Halfway down the hall was a fountain. On top of it is a large shiny basalt sculpture, which looks very grand and forbidding. The stone is carved into an image of a very handsome robed man, backed with a very beautiful robed woman, a centaur, and two little creatures. The handsome man had a very contemptuous look plastered on his face. It seemed that on his face was righteous anger, though. On his feet was a very scraggly-looking young man with glasses, sprawled at the ground, pointing at the great man with a small stick and a gun. The young man wore the familiar 20th-century clothing in tatters, and behind him are two men and a woman, all lifelessly depicted in the scary piece of stone. One man wore a soldier's uniform, the other in robes; clutching a stick on his hands. The dead woman near him also held a stick on her hands.

"I've almost made the mistake of transporting you into 31st-century Earth." Archer turned to his back, right where that offhand voice came from, and he is right back here on Enterprise. It was Daniels.

"Daniels," Archer scowled.

"I haven't much time. Can we kindly go to my quarters?"

The door to Daniels' room was of course, restricted, but whether it was coincidence or some temporal manipulation Daniels did to see no one aboard Enterprise, it sure served them well to keep themselves inconspicuous.

As soon as Daniels' room door slipped closed, Archer accosted him in a too-many-words-per-minute rate. "Neuro-electromagnetic energy, passed from person-to-person. One of my crewmen already died receiving these. Who gave them that technology, the Xindi?"

Daniels quickly explained. "They did not. In fact, it's human technology. But it was supposed to remain secret all throught human history. Along with their society."

Jonathan paced heavily around the free space in the cramped quarters and gave Daniels a very incredulous look. "Secret society?"

"Yes. Unfortunately not all of them share their views to keep their society secret. I took you back into this century because they're about to engage in a great war. Captain, these terrorists actually never won in history, or else there would be no Federation, no Starfleet, not even warp drive."

"If this society is so secret, then how did you find it?" Archer raised his eyebrows.

"Because the technology in my century had entirely changed." Daniels continued as quickly as ever. "In fact, the whole society too. Humans everywhere oppressed by fellow humans, forced into manual labor, even me and my own family. There was no record of you even. Remember when we were in an alternate 31st century?"

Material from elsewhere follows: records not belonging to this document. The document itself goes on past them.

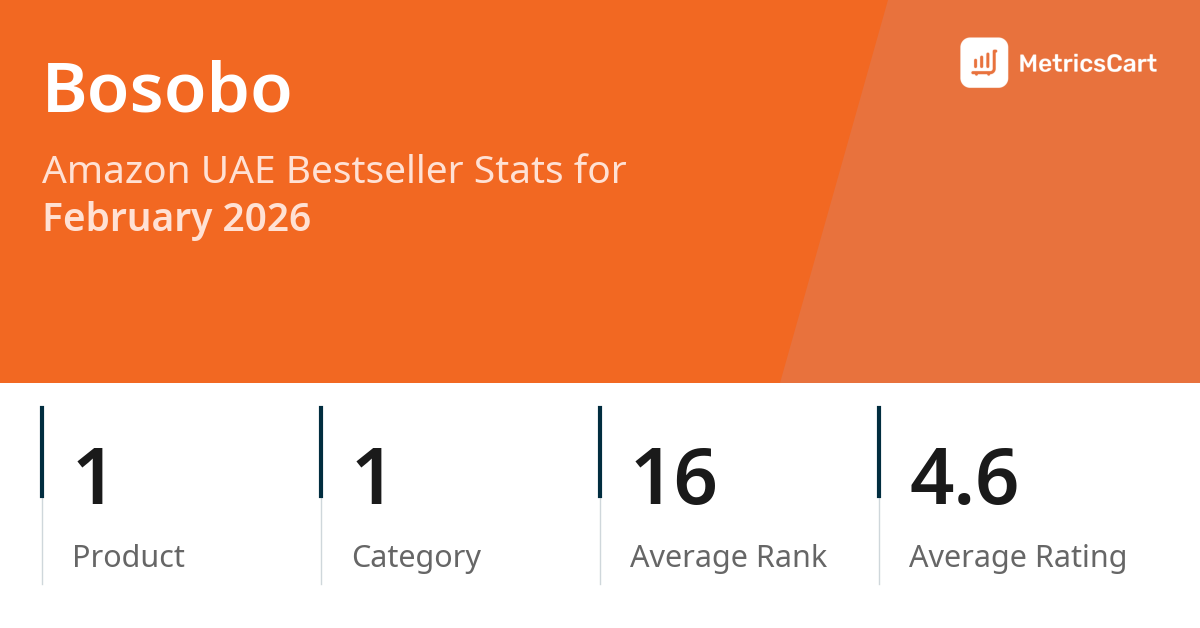 In February 2026, Bosobo appeared on Amazon UAE's bestseller lists with 1 unique product across 1 category. These products appeared in the category Office Products. The brand's products on the bestseller lists were priced between AED 10.00 and AED 11.97, with an average price of AED 10.66. These bestselling products maintained an average rating of 4.6 based on 57K total ratings from customers who purchased products that appeared on the bestseller lists.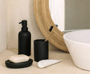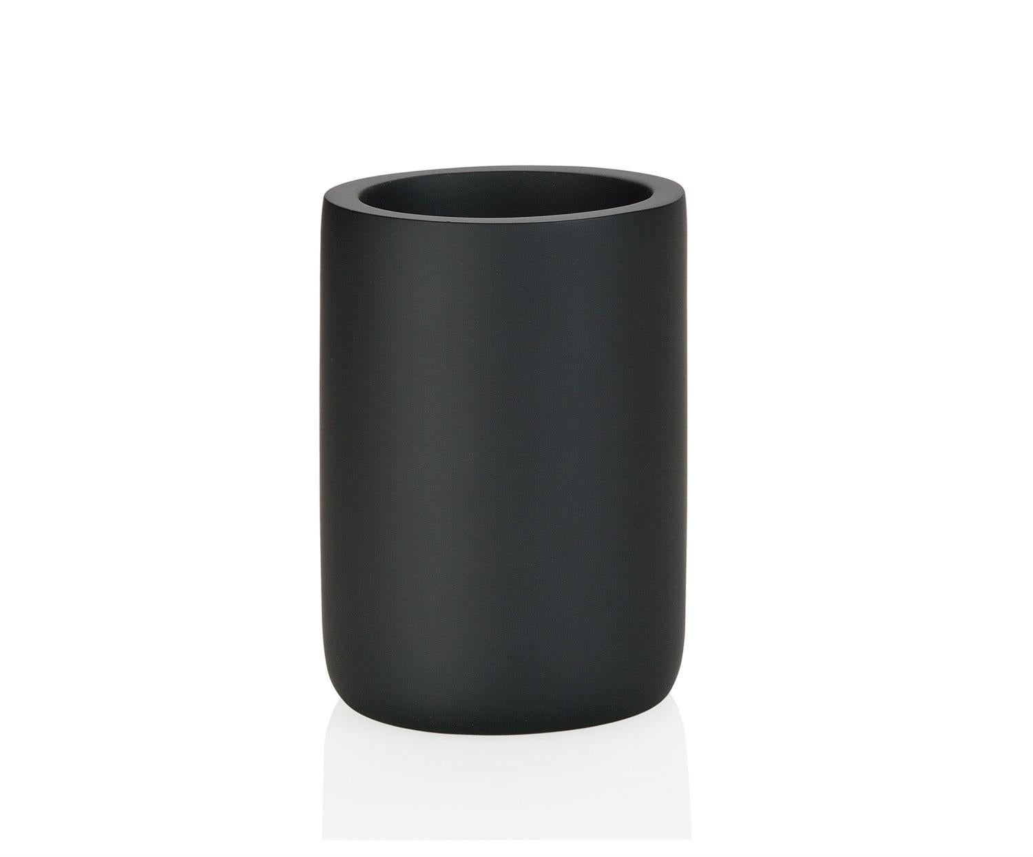 Porte-brosses à dents de salle de bain au design minimaliste et élégant, en polyrésine noire mate , idéal pour ranger avec style vos brosses à dents et accessoires d'hygiène sur n'importe quel lavabo ou plan de travail.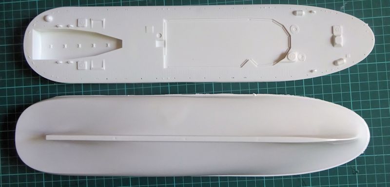 Die Deckaufbauten, das Tochterboot und andere Kleinteile befinden sich an fünf weißen Gussästen.

The sight of the obliterated Planet Earth went back in Archer's mind's eye; monument-less, book-fulls, and centuries desolated. That seemed enough for a yes for his crewman.

"The last recorded resistance was back in 1998, which even lead me to travel back into 1995, in an obscure document, where a group of 'alien Muggles' helped their terrorist leader." Daniels looked as equally at loss and insulted at the term.

"I managed to infiltrate their government, and I used this to travel back here." He took something from his pockets. It was tiny, gold, much like a tiny pocket watch from the Victorian era. Daniels didn't seem to notice the increasing disbelief in Archer's face.

"I re-calibrated this device so that it could take me back by centuries, and then I jumped by myself into 1995, and then from here, get back into the correct timeline and fetch you and your crew back in here, 1995."

"Right where the Xindi were about to contact this…terrorist?" Archer had calmed down now despite his skepticism.

"They already have." Daniels rapidly interjected, "What must not happen is that this terrorist kills a certain important person, or else the entire timeline of human history will be contaminated."

Archer, already wanting to be in peace from Daniels, found himself interested once again. He took another sidelong glance at him. "What sort of person?"